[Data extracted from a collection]
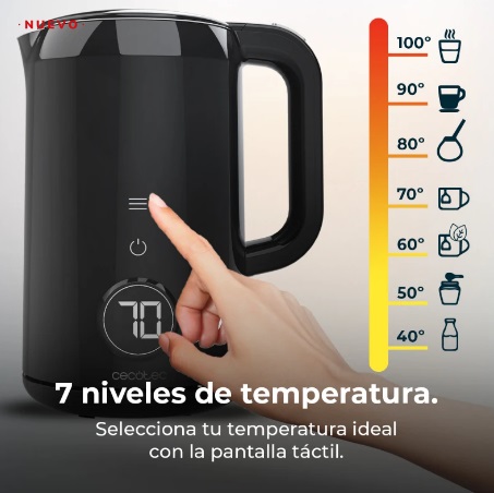 · Pantalla táctil con 7 niveles de temperatura: 40ºC (leche), 50ºC-60ºC (tés blancos y herbales), 70ºC (té verde), 80ºC (té o mate), 90ºC (café), 100ºC (hervir). Además, el hervidor cuenta con una luz led con diferentes tonalidades para poder controlar la temperatura del agua en tiempo real.
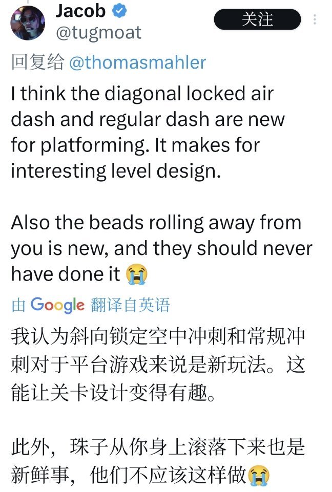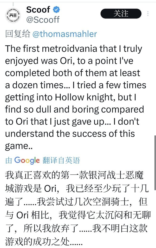 马勒表示,相较于初代《空洞骑士》,《丝之歌》的节奏感更符合他的个人喜好。他在游玩过程中感到非常享受,沉浸于游戏的氛围和设计中。作为一位开发过《奥日与黑暗森林》、《奥日与萤火意志》以及《恶意不息》等作品的资深开发者,马勒对游戏设计的敏锐洞察力使得他的评价颇具分量。他提到,《丝之歌》的节奏感可能在某些方面进行了优化,比如探索、战斗或关卡设计的流畅度,这让他对游戏的整体体验赞不绝口。
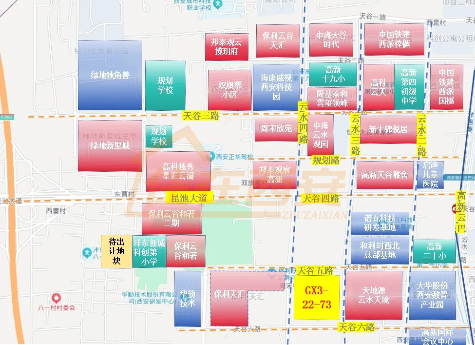 地籍编号GX3-22-73,地块位于高新区天谷六路以北、云水三路以西,净用地面积125.377亩,住宅用地。
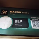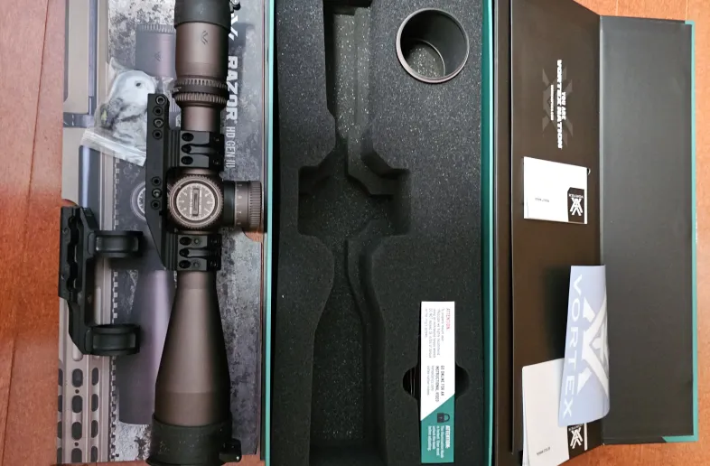 Nice shape razor gen 3 6-36 by 56, 34mm tube, with box papers and everything else. Condition is good, had to replace one cap with another oem vortex defender. Always had a scope wrap on so its in nice shape, used maybe 10 times.
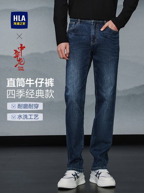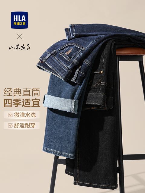 HLA/HaiLan Home Mountain No Longer High ブラックジーンズ 25 秋冬新作 ベルベットオプション ストレートロングパンツ メンズ
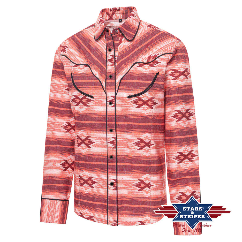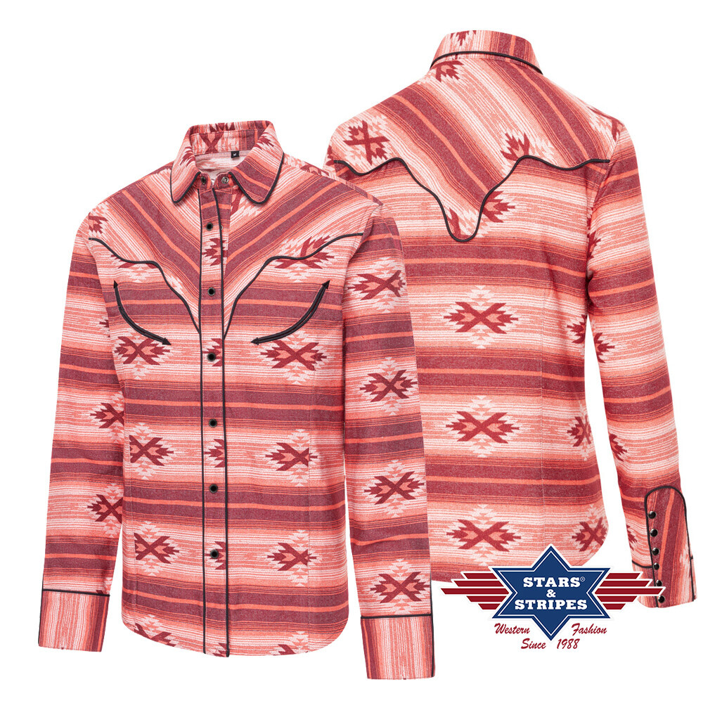 Stylová dámská westernová košile s etnickými vzory zaujme teplým a zemitým nádechem v červených tónech. Klasické westernové sedlo, lemování, falešné náprsní kapsy a westernové manžety se 6 patentními knoflíky zdůrazňují autentický westernový styl. Ideální pro každého, kdo hledá osobitý a odvážný styl.
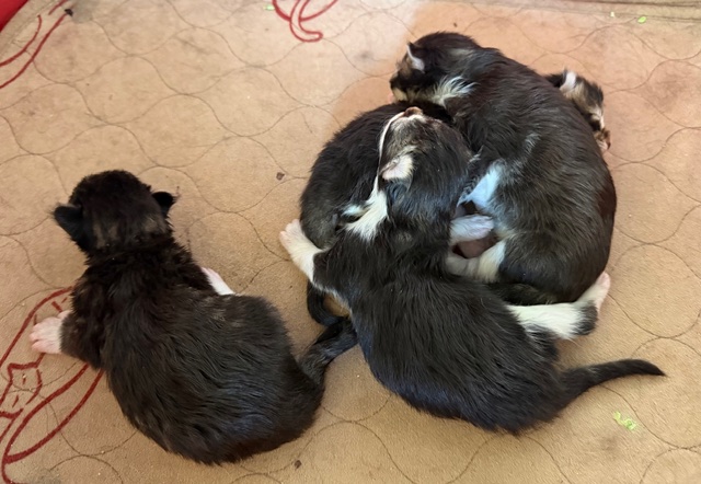 Fullofcharm Autumn Angel had 2 babies overnight on the 12 November. They were all clean dry and suckling when I checked on her early morning. By lunchtime she had not had anymore but I felt she definately had more in her still very fat belly.
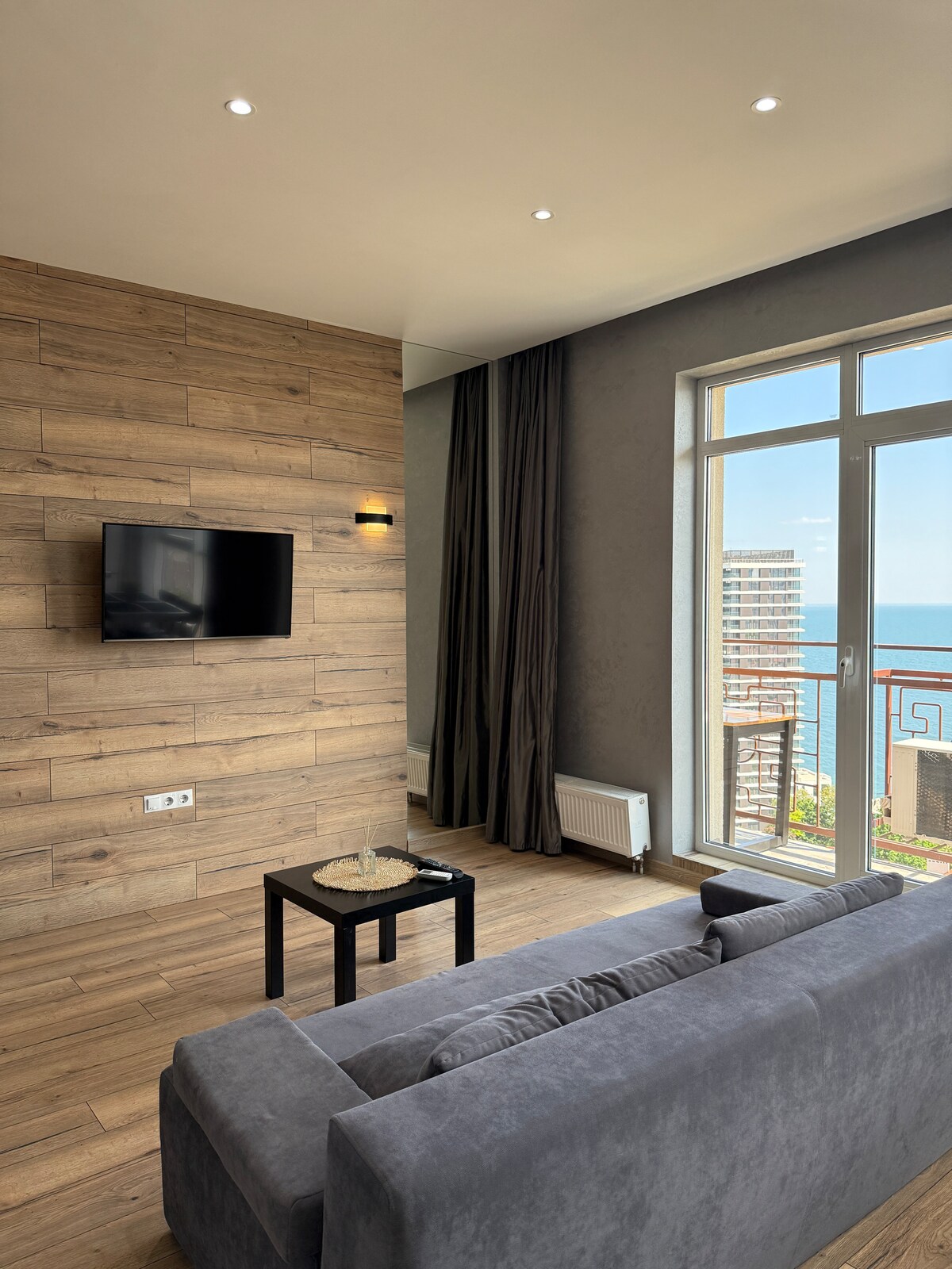 Have a great time with the whole family in this stylish and cozy home. The new apartment is located in a residential complex by the sea, for your convenience we provide a free parking space, from where you can take the elevator to a bright apartment with a balcony. For your convenience, we provide all the necessary household appliances, utensils and hygiene products. The kitchen is in Italian style and the bedroom is filled with soft light where you can relax and recharge
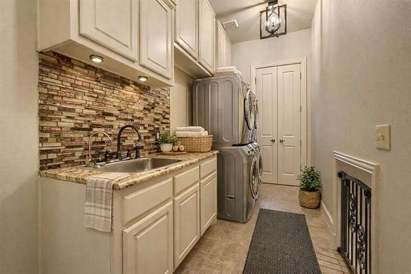 Additional highlights include oversized garage with wood doors, updated zoned HVAC , sprinkler system, custom millwork, hidden safe, abundant storage, extra parking, plantation shutters, and an oversized utility room with space for two sets of washers and dryers.
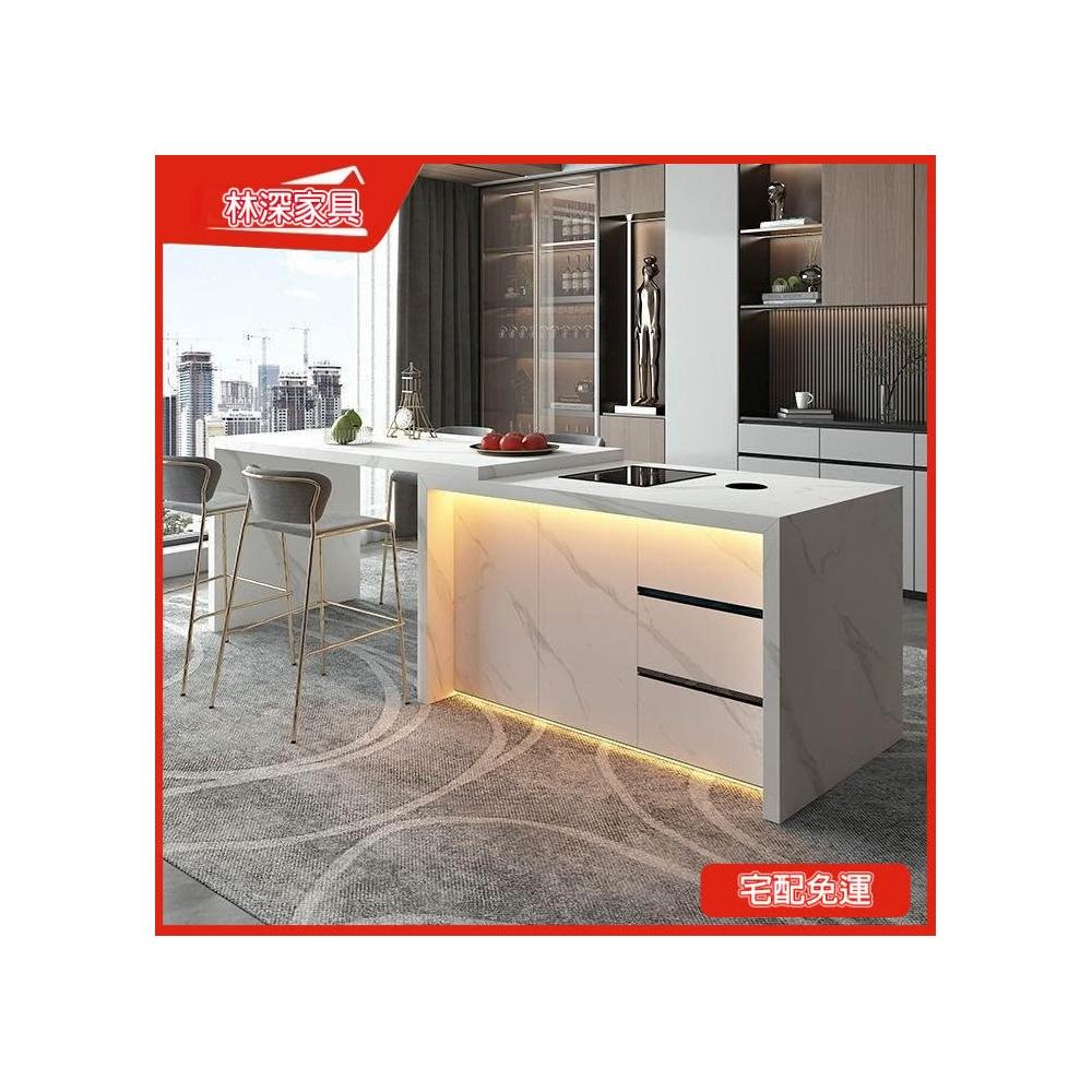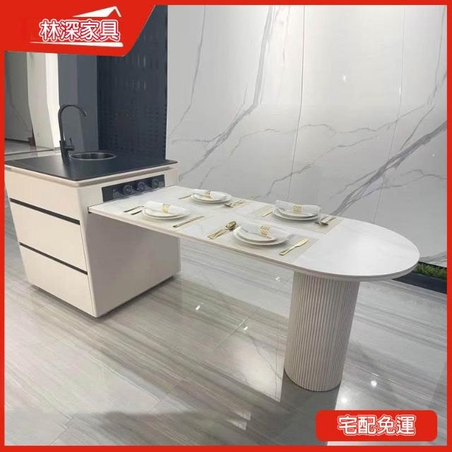 伸縮島臺餐桌一體 巖闆家用開放式廚房吧臺 輕奢小戶型餐廳(中島/中島餐桌/吧台桌/中島桌/中島櫃)
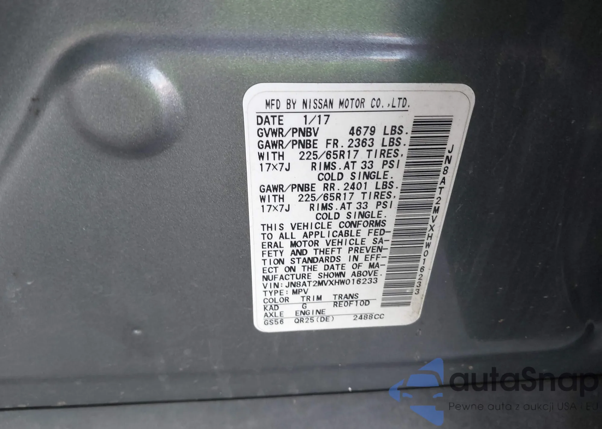 VIN: JN8AT2MVXHW016233
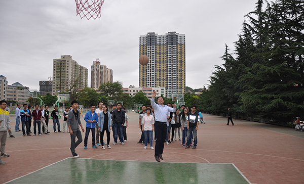期间,党建武副校长与学院领导班子就学院的现状、发展进行了研讨。在参加班级活动前,他对学生强调,良好的身体素质是一切的基础,体育运动有助于同学们的身心健康,希望同学们能加强锻炼,以一种积极的心态面对每天的生活和学习。在趣味投篮活动中,党建武副校长积极与学生开展互动,比赛现场气氛热烈,欢呼声和掌声此起彼伏。
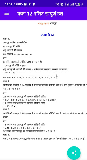 कक्षा 12 गणित complete solutions in hindi
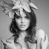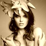 Beautiful Woman With Flowers Wreath In Her Hair. Pink Lily.
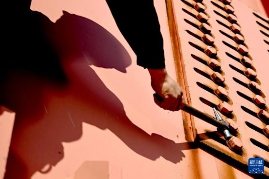 “鐺……鐺……鐺……”,在鄭焦城際鐵路黃河大橋的鋼梁洞之間,橋梁工們拿著檢查錘、敲擊著螺栓,通過(guò)聲音判斷大橋有沒(méi)有安全隱患。這樣的螺栓,在全長(zhǎng)11.3公里的鄭焦城際鐵路黃河大橋上,有將近10萬(wàn)顆。
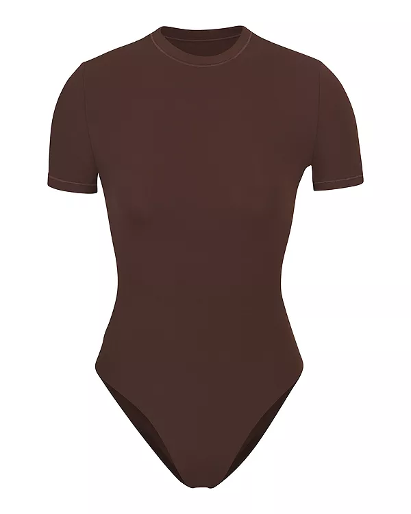 Как ваша любимая футболка, но лучше! Этот облегающий боди с короткими рукавами выполнен из невероятно мягкой ткани, имеет высокий круглый вырез и короткую спинку для комфортной посадки.
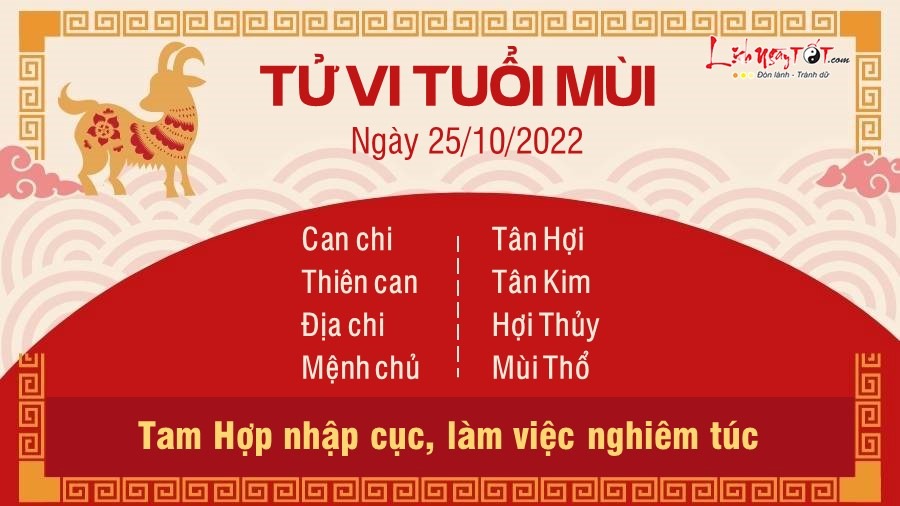 Cục diện Tam Hợp xuất hiện, tuổi Mùi cho thấy tình yêu và sự nghiêm túc với công việc hiện tại. Bạn rất xông xáo đưa ra những ý tưởng mới mẻ, độc đáo nhằm phát triển công việc ngày càng tốt hơn. Bạn sở hữu nguồn năng lượng dồi dào và đó chính là yếu tố giúp bạn tỏa sáng, được đồng nghiệp, cộng sự tin tưởng. Tình hình tài chính tương đối ổn định, các nguồn thu nhập đảm bảo cho con giáp này không phải lo nghĩ quá nhiều về việc chi tiêu hay theo đuổi mục tiêu của mình. Dù vậy, bạn vẫn cần phải mua sắm hợp lí, tránh vung tay quá trán chỉ vì sở thích của bản thân. Hãy học cách tiết kiệm cho trong tương lai ngay từ bây giờ. Tuy nhiên, do ngũ hành xung khắc nên chuyện tình cảm xuất hiện vết nứt do mâu mâu giữa các cặp đôi ngày càng diễn ra thường xuyên hơn. Nguyên nhân có thể cũng bởi hai người không có nhiều thời gian ở bên nhau khiến khoảng cách ngày một xa dần, tình yêu phai nhạt.

- [WHAT THE EXERCISE ASKS] Nothing but the lines from the start of the records through the line holding "Fullofcharm Autumn Angel" should be printed, exactly as written and with the pictures left out.

- [SOLUTION]
 · Pantalla táctil con 7 niveles de temperatura: 40ºC (leche), 50ºC-60ºC (tés blancos y herbales), 70ºC (té verde), 80ºC (té o mate), 90ºC (café), 100ºC (hervir). Además, el hervidor cuenta con una luz led con diferentes tonalidades para poder controlar la temperatura del agua en tiempo real.
 马勒表示,相较于初代《空洞骑士》,《丝之歌》的节奏感更符合他的个人喜好。他在游玩过程中感到非常享受,沉浸于游戏的氛围和设计中。作为一位开发过《奥日与黑暗森林》、《奥日与萤火意志》以及《恶意不息》等作品的资深开发者,马勒对游戏设计的敏锐洞察力使得他的评价颇具分量。他提到,《丝之歌》的节奏感可能在某些方面进行了优化,比如探索、战斗或关卡设计的流畅度,这让他对游戏的整体体验赞不绝口。
 地籍编号GX3-22-73,地块位于高新区天谷六路以北、云水三路以西,净用地面积125.377亩,住宅用地。
 Nice shape razor gen 3 6-36 by 56, 34mm tube, with box papers and everything else. Condition is good, had to replace one cap with another oem vortex defender. Always had a scope wrap on so its in nice shape, used maybe 10 times.
 HLA/HaiLan Home Mountain No Longer High ブラックジーンズ 25 秋冬新作 ベルベットオプション ストレートロングパンツ メンズ
 Stylová dámská westernová košile s etnickými vzory zaujme teplým a zemitým nádechem v červených tónech. Klasické westernové sedlo, lemování, falešné náprsní kapsy a westernové manžety se 6 patentními knoflíky zdůrazňují autentický westernový styl. Ideální pro každého, kdo hledá osobitý a odvážný styl.
 Fullofcharm Autumn Angel had 2 babies overnight on the 12 November. They were all clean dry and suckling when I checked on her early morning. By lunchtime she had not had anymore but I felt she definately had more in her still very fat belly.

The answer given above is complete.